Acute pancreatitis (AP) is acute inflammation of pancreas. The incidence of AP was 73 per 100,000 in Finland, including 70% of alcoholic and 20% of gallstone origin (Pelli et al. 2000, Pelli et al. 2008, Nordback et al. 2009). The diagnosis of the disease is based on the history of alcohol abuse and gallstone disease, the presence of symptoms with elevated amylase and lipase levels and confirmed by imaging investigations (Whitcomb 2006, Frossard et al. 2008).

Currently there is no specific therapy for AP, except for supportive or preventive treatment (Frossard et al. 2008). Generally the most accepted pathogenesis initiating AP is based on the discovery that the activation of trypsin in pancreatic acinar cells is the first step in the evolution of AP (Foitzik et al. 1994, Saluja et al. 1997, Hofbauer et al. 1998, Saluja et al. 1999). The associated genetic mutations are also found in several clinical investigations (Creighton et al. 2000, Felley et al. 2004, Frossard et al. 2008, Rebours et al. 2009). Besides trypsin activation, the following inflammatory cascades, such as release of cytokines, nitric oxide, reactive oxygen species and arachidonic acid metabolites, are believed to play important roles in the development of AP (Vollmar et al. 1989, Tsuji et al. 1994, Al-Mufti et al. 1998, Lundberg et al. 2000,).

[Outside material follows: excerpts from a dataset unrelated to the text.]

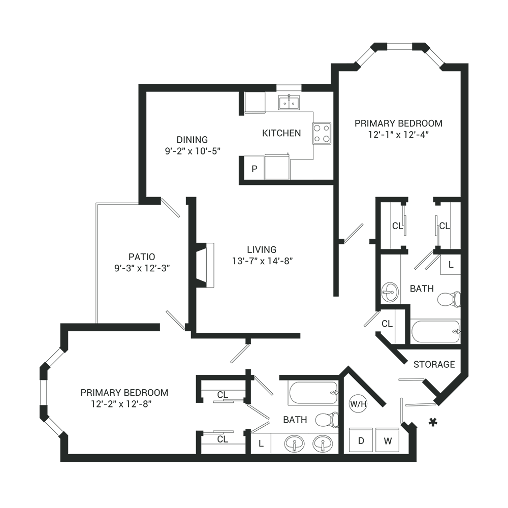 Apartment Model: B12 Bedroom, 2 Bath, 1209 sq ftAvailable March 9, 2026Floor plans are artist's rendering. All dimensions are approximate. Actual product and specifications may vary in dimension or detail. Not all features are available in every rental home. Please see a representative for details.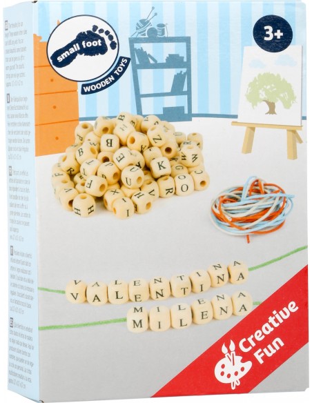 C´est parti, on enfile! Les 300 lettres de l´alphabet en cubes de bois répondent à tous les désirs. Il est possible de créer de jolis colliers de noms à offrir ou à porter soi-même. Les cordons de toutes les couleurs ne passent pas inaperçus. Avec ces lettres de l' alphabet en cubes de couleur nature, on peut créer des mots et des phrases à porter en bracelets ou colliers. Voici également une belle idée de décoration à offrir. Ici, chacun peut laisser libre court à sa créativité!
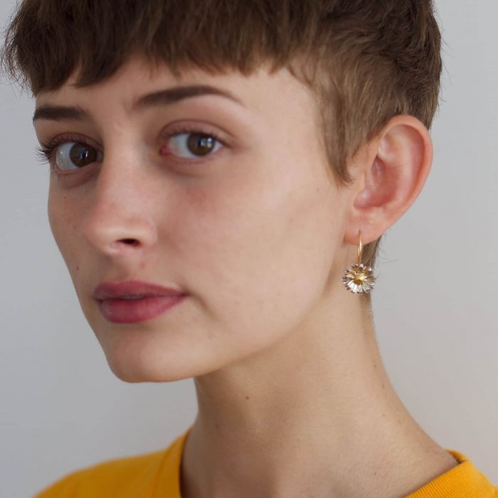Alex Monroe Big Daisy Hook Earrings Silver and Gold

Recently several studies have shown that experimental AP was induced by the over-activation of polyamine catabolism in transgenic rats (Alhonen et al. 2000, Hyvönen et al. 2006). Physiologically, polyamines are essential components for cellular survival and functions and very important in maintaining the integrity of pancreas (Alhonen et al. 2000). Furthermore, the use of polyamine analogues can ameliorate experimental AP in transgenic rats (Räsänen et al. 2002, Hyvönen et al. 2006).

The aim of the present dissertation is to investigate the role of polyamine catabolism in experimental taurodeoxycholate-induced and human AP by administering polyamine analogue bismethylspermine (Me2Spm).